CRISTÓBAL OVIEDO FROM SANTIAGO, CHILE:
Ryan Shazier was inactive last night. Was that because of his lack of production, or did he have an injury?

ANSWER: I think it came down to Coach Mike Tomlin having to carry extra players at defensive line and receiver for this particular game. With no Stephon Tuitt and Ricardo Mathews in uniform but also nursing an injury, and with Johnny Maxey an unknown as an undrafted rookie just called up from the practice squad, there were five defensive linemen among the 46 on the game day roster. And with Sammie Coates inactive with a hamstring injury and Darrius Heyward-Bey trying to come back and play after missing several weeks with a sprained foot, the Steelers had five receivers active for the game. There was that, plus the fact Jarvis Jones has fallen to the back of the pack at outside linebacker right now, which combined to make him an extra piece for that particular game. And moving forward, I believe the decision on Jones will be made on a week-to-week basis, rather than it being the permanent closing of a door.
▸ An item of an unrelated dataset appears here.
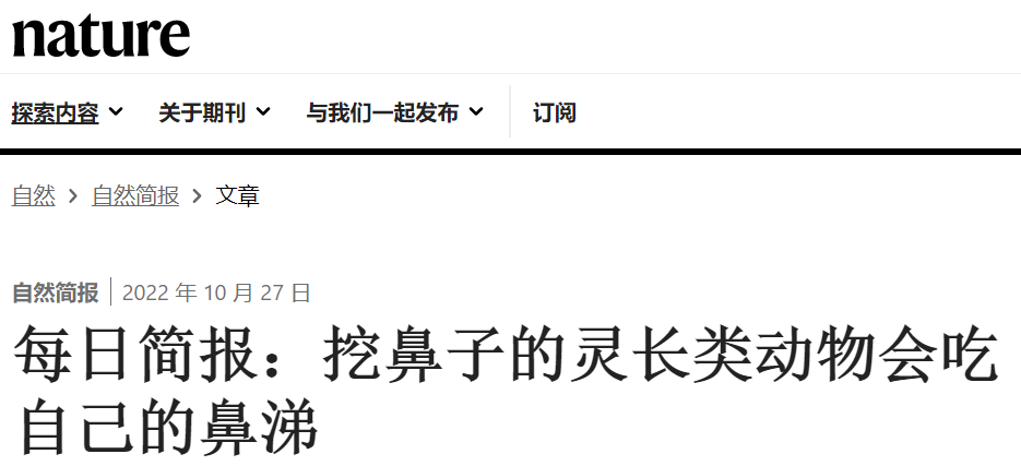 不过有时候也有例外。比如10月27日发布的这篇标题有味道的最新研究:Nose-picking primates eat their own snot( 挖鼻子的灵长类动物会吃自己的鼻涕 )

DAN BARTLETT FROM APPLE VALLEY, CA:
Do you think it's best to rest all the starters, especially the ones who have had injuries in the past, for the final game against the Browns?

ANSWER. It's a mathematical impossibility, as Bill Belichick was explaining to the media yesterday when asked a similar question about his plan for the Patriots' finale against the Miami Dolphins. "I mean look, I don't really understand that question," Belichick said. "We have — I don't know how many starters we have — but we have a lot more than — we can only inactivate seven players. This isn't like a preseason game where you have 75 guys on your roster. This is a regular season game. I don't really understand that whole line of questioning. I'm not saying I'm a great mathematician or anything, but the numbers just don't add up for that type of conversation so there's no point in even getting involved in it."

SCOTT SISAK FROM NEW TRIPOLI, PA:
With the Steelers clinching the AFC North and the No. 3 seed in the playoffs, in your opinion, would you rest most of the starters to avoid a disastrous injury (like happened to Oakland quarterback Derek Carr) or let them play? Also, if they do rest the starters, how much of an effect does it have on the players going two weeks in between playing games?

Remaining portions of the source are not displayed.